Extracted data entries
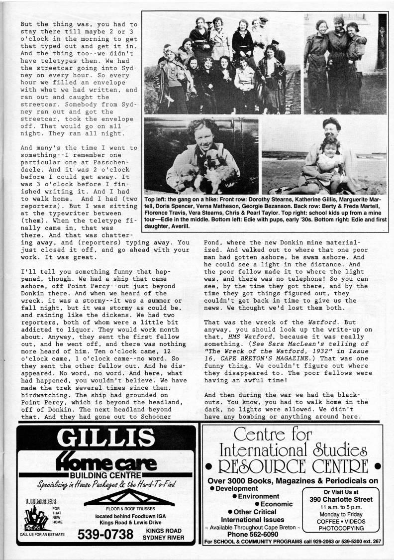 Published by Ronald Caplan on 1992/8/1 (424 reads)But the thing was, you had to stay there till maybe 2 or 3 o'clock in the morning to get that typed out and get it in. And the thing too--we didn't have teletypes then. We had the streetcar going into Syd? ney on every hour. So every hour we filled an envelope with what we had written, and ran out and caught the streetcar. Somebody from Syd? ney ran out and got the streetcar, took the envelope off. That would go on all night. They ran all night. And many's the time I went to something--! remember one particular one at Passchen? daele. And it was 2 o'clock before I could get away. It was 3 o'clock before I fin? ished writing it. And I had to walk home. And I had (two reporters). But I was sitting at the typewriter between (them). When the teletype fi? nally came in, that was there. And that was chatter? ing away, and (reporters) typing away just closed it off, and go ahead with work. It was great. Top left: the gang on a hike: Front row: Dorothy Stearns, Katherine Gillis, Marguerite Mar- tell, Doris Spencer, Verna Matheson, Georgie Bezanson. Bacl< row: Berty & Freda Martell, Florence Travis, Vera Stearns, Chris & Pearl Taylor. Top right: school Itids up from a mine tour • Edie in the middle. Bottom left: Edie with pups, early '30s. Bottom right: Edie and first daughter, Averill. You your I'll tell you something funny that hap? pened, though. We had a ship that came ashore, off Point Percy--out just beyond Donkin there. And when we heard of the wreck, it was a stormy--it was a summer or fall night, but it was stormy as could be, and raining like the dickens. We had two reporters, both of whom were a little bit addicted to liquor. They would work month about. Anyway, they sent the first fellow out, and he went off, and there was nothing more heard of him. Ten o'clock came, 12 o'clock came, 1 o'clock came--no word. So they sent the other fellow out. And he dis? appeared. No word, no word. And here, what had happened, you wouldn't believe. We have made the trek several times since then, birdwatching. The ship had grounded on Point Percy, which is beyond the headland, off of Donkin. The next headland beyond that. And they had gone out to Schooner Pond, where the new Donkin mine material? ized. And walked out to where that one poor man had gotten ashore, he swam ashore. And he could see a light in the distance. And the poor fellow made it to where the light was, and there was no telephone! So you can see, by the time they got there, and by the time they got things figured out, they couldn't get back in time to give us the news. We thought we'd lost them both. That was the wreck of the Watford. But anyway, you should look up the write-up on that, HMS Watford, because it was really something, ('ee Sara MacLean's telling of "The Wreck of the Watford, 1932" in Issue 16. CAPE BRETON'S MAGAZINE.) That was one funny thing. We couldn't figure out where they disappeared to. The poor fellows were having an awful time! And then during the war we had the black? outs. You know, you had to walk home in the dark, no lights were allowed. We didn't have any bombing or anything around here. GILLIS iibmecare ??HBUILDING CENTREHHl wm''i THAT NEW HOME CALL US FOR AN ESTIMATE FLOOR a ROOF TRUSSES located behind Foodtown IGA Kings Road & Lewis Drive KINGS ROAD SYDNEY RIVER 539-0738 Centre for International studies • DE(SOUDCE CENTRE • Over 3000 Books, Magazines & Periodicals on • Development • Environment • Economic • Other Critical International Issues ~ Available Throughout Cape Breton ~ Phone 562-6090 Or Visit Us at 390 Charlotte Street 11 a.m. to 5 p.m. Monday to Friday COFFEE • VIDEOS PHOTOCOPYING For SCHOOL & COMMUNITY PROGRAMS call 929-2063 or 539-5300 ext. 267
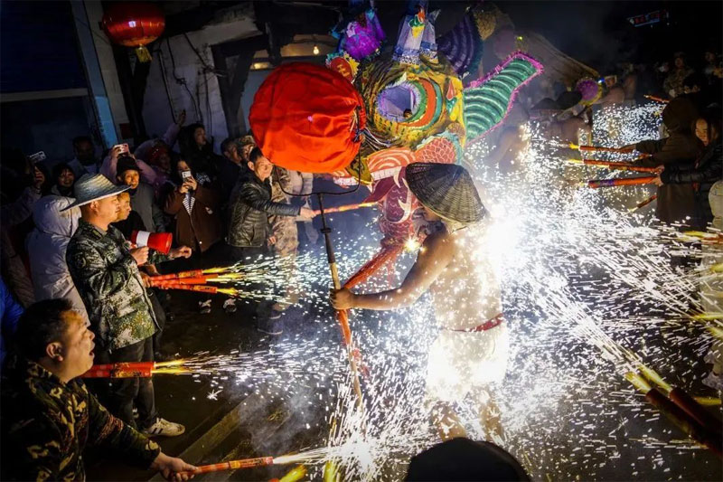 目前,16人一组的火龙队、20余名打铁花手艺人已在紧张地排练中;石桥武术协会369名非遗文化传承人也已开始每周2至3次的排练,届时龙狮团2条彩龙、4只彩狮也将闪亮登场,在元宵节为游客带来法门武术、翻山铰子、舞狮舞龙等系列表演。
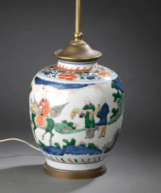 Pot à gingembre en porcelaine à décor en bleu sous couverte et émaux rouge, vert, aubergine et jaune d’immortel sur une qilin accompagné d’attendants portant des bannière et présents, l’épaule ornée d’une frise de rinceaux de pivoines. (Rayures, usures) H.23,5 cm Pied et col montés en bronze en lampe.
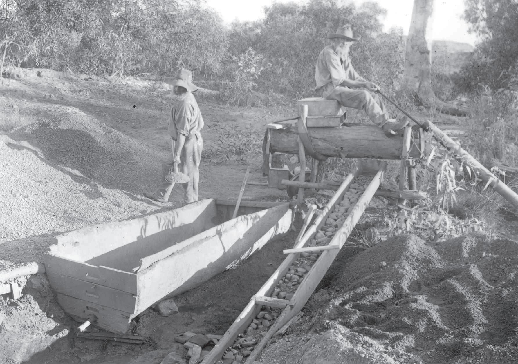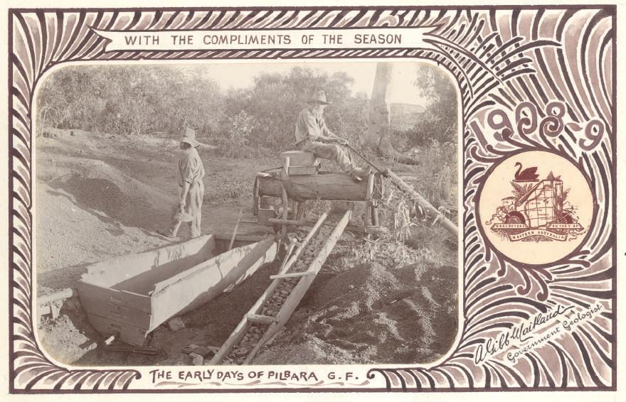 The earliest photos that can be assigned a reliable date were taken by Topographical Surveyor Septimus J. Becher who had also served as a Mines Inspector (Becher, 1896). Although only 12 in number, they show the state of mining at Marble Bar and Nullagine in 1896. Of particular historical interest are his shots of two miners sluicing alluvial dirt at Nullagine, and of the workings in the “Nullagine Conglomerate”, now the Beatons Creek Member of the Hardey Formation (Figures 1 and 2).
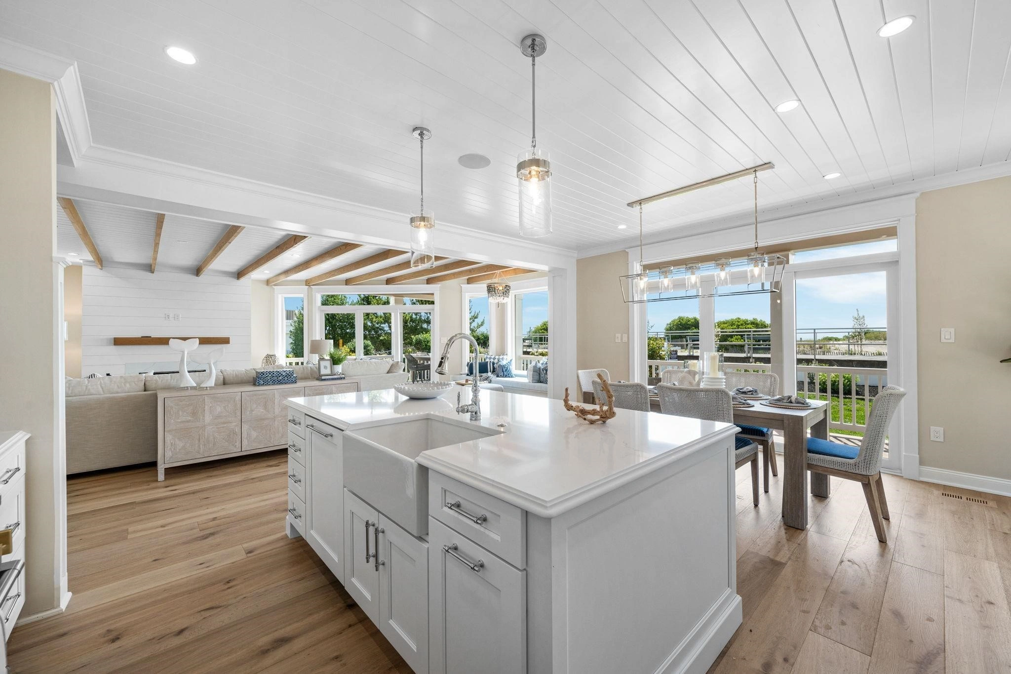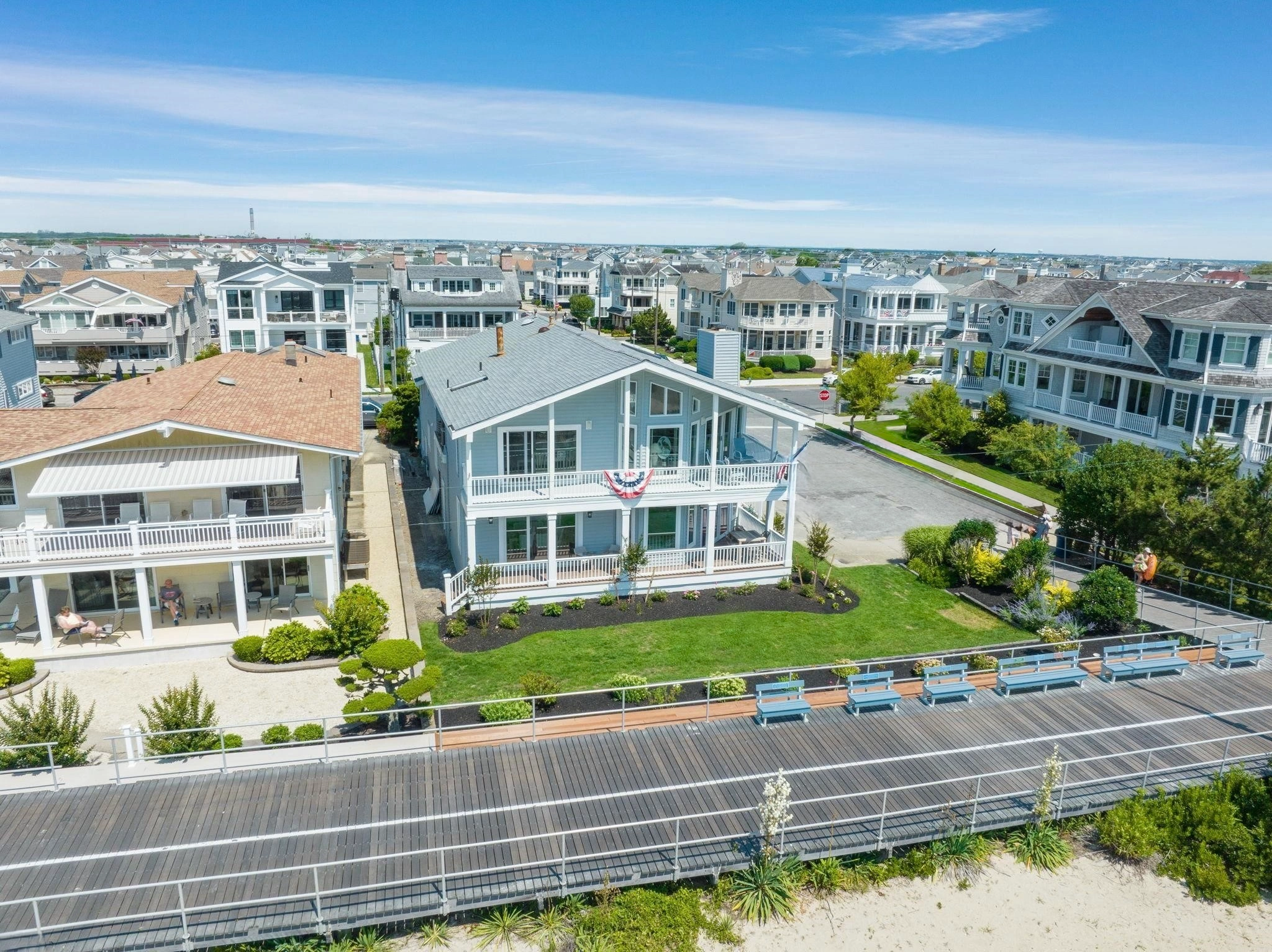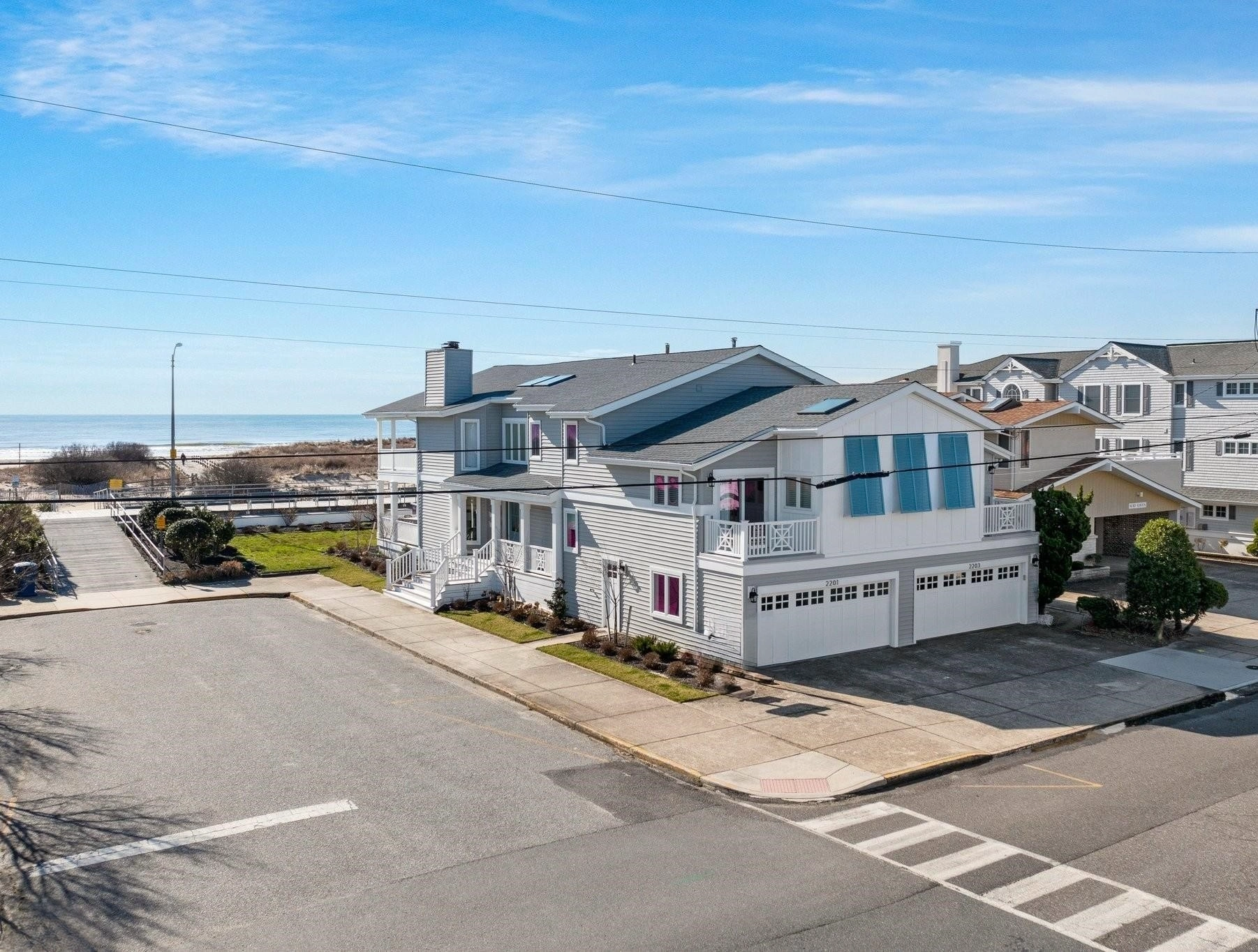 Located in Ocean City, NJ’s coveted Gold Coast neighborhood, 2201 Wesley Avenue is a gorgeous first-floor beach and Boardwalk front vacation rental that offers immediate access to the renowned Ocean City Boardwalk and some of the best beaches around. Featuring 5 bedrooms and 2.5 bathrooms, this beautifully appointed home blends style with comfort. The spacious living area includes a gourmet kitchen, a large dining area, and a generous center island, perfect for everyone to gather and unwind after a fun day on the beach. Enjoy your morning coffee on the lovely, covered porch while taking in the sunrise, or head out for a bike ride along the iconic boardwalk. With off street parking for 2 cars and direct access to the beach and Boardwalk, this property is an ideal rental for up to 13 guests.

◆ Problem statement
Each line above gets copied exactly; leave the pictures out.

◆ Answer
 Published by Ronald Caplan on 1992/8/1 (424 reads)But the thing was, you had to stay there till maybe 2 or 3 o'clock in the morning to get that typed out and get it in. And the thing too--we didn't have teletypes then. We had the streetcar going into Syd? ney on every hour. So every hour we filled an envelope with what we had written, and ran out and caught the streetcar. Somebody from Syd? ney ran out and got the streetcar, took the envelope off. That would go on all night. They ran all night. And many's the time I went to something--! remember one particular one at Passchen? daele. And it was 2 o'clock before I could get away. It was 3 o'clock before I fin? ished writing it. And I had to walk home. And I had (two reporters). But I was sitting at the typewriter between (them). When the teletype fi? nally came in, that was there. And that was chatter? ing away, and (reporters) typing away just closed it off, and go ahead with work. It was great. Top left: the gang on a hike: Front row: Dorothy Stearns, Katherine Gillis, Marguerite Mar- tell, Doris Spencer, Verna Matheson, Georgie Bezanson. Bacl< row: Berty & Freda Martell, Florence Travis, Vera Stearns, Chris & Pearl Taylor. Top right: school Itids up from a mine tour • Edie in the middle. Bottom left: Edie with pups, early '30s. Bottom right: Edie and first daughter, Averill. You your I'll tell you something funny that hap? pened, though. We had a ship that came ashore, off Point Percy--out just beyond Donkin there. And when we heard of the wreck, it was a stormy--it was a summer or fall night, but it was stormy as could be, and raining like the dickens. We had two reporters, both of whom were a little bit addicted to liquor. They would work month about. Anyway, they sent the first fellow out, and he went off, and there was nothing more heard of him. Ten o'clock came, 12 o'clock came, 1 o'clock came--no word. So they sent the other fellow out. And he dis? appeared. No word, no word. And here, what had happened, you wouldn't believe. We have made the trek several times since then, birdwatching. The ship had grounded on Point Percy, which is beyond the headland, off of Donkin. The next headland beyond that. And they had gone out to Schooner Pond, where the new Donkin mine material? ized. And walked out to where that one poor man had gotten ashore, he swam ashore. And he could see a light in the distance. And the poor fellow made it to where the light was, and there was no telephone! So you can see, by the time they got there, and by the time they got things figured out, they couldn't get back in time to give us the news. We thought we'd lost them both. That was the wreck of the Watford. But anyway, you should look up the write-up on that, HMS Watford, because it was really something, ('ee Sara MacLean's telling of "The Wreck of the Watford, 1932" in Issue 16. CAPE BRETON'S MAGAZINE.) That was one funny thing. We couldn't figure out where they disappeared to. The poor fellows were having an awful time! And then during the war we had the black? outs. You know, you had to walk home in the dark, no lights were allowed. We didn't have any bombing or anything around here. GILLIS iibmecare ??HBUILDING CENTREHHl wm''i THAT NEW HOME CALL US FOR AN ESTIMATE FLOOR a ROOF TRUSSES located behind Foodtown IGA Kings Road & Lewis Drive KINGS ROAD SYDNEY RIVER 539-0738 Centre for International studies • DE(SOUDCE CENTRE • Over 3000 Books, Magazines & Periodicals on • Development • Environment • Economic • Other Critical International Issues ~ Available Throughout Cape Breton ~ Phone 562-6090 Or Visit Us at 390 Charlotte Street 11 a.m. to 5 p.m. Monday to Friday COFFEE • VIDEOS PHOTOCOPYING For SCHOOL & COMMUNITY PROGRAMS call 929-2063 or 539-5300 ext. 267
 目前,16人一组的火龙队、20余名打铁花手艺人已在紧张地排练中;石桥武术协会369名非遗文化传承人也已开始每周2至3次的排练,届时龙狮团2条彩龙、4只彩狮也将闪亮登场,在元宵节为游客带来法门武术、翻山铰子、舞狮舞龙等系列表演。
 Pot à gingembre en porcelaine à décor en bleu sous couverte et émaux rouge, vert, aubergine et jaune d’immortel sur une qilin accompagné d’attendants portant des bannière et présents, l’épaule ornée d’une frise de rinceaux de pivoines. (Rayures, usures) H.23,5 cm Pied et col montés en bronze en lampe.
 The earliest photos that can be assigned a reliable date were taken by Topographical Surveyor Septimus J. Becher who had also served as a Mines Inspector (Becher, 1896). Although only 12 in number, they show the state of mining at Marble Bar and Nullagine in 1896. Of particular historical interest are his shots of two miners sluicing alluvial dirt at Nullagine, and of the workings in the “Nullagine Conglomerate”, now the Beatons Creek Member of the Hardey Formation (Figures 1 and 2).
 Located in Ocean City, NJ’s coveted Gold Coast neighborhood, 2201 Wesley Avenue is a gorgeous first-floor beach and Boardwalk front vacation rental that offers immediate access to the renowned Ocean City Boardwalk and some of the best beaches around. Featuring 5 bedrooms and 2.5 bathrooms, this beautifully appointed home blends style with comfort. The spacious living area includes a gourmet kitchen, a large dining area, and a generous center island, perfect for everyone to gather and unwind after a fun day on the beach. Enjoy your morning coffee on the lovely, covered porch while taking in the sunrise, or head out for a bike ride along the iconic boardwalk. With off street parking for 2 cars and direct access to the beach and Boardwalk, this property is an ideal rental for up to 13 guests.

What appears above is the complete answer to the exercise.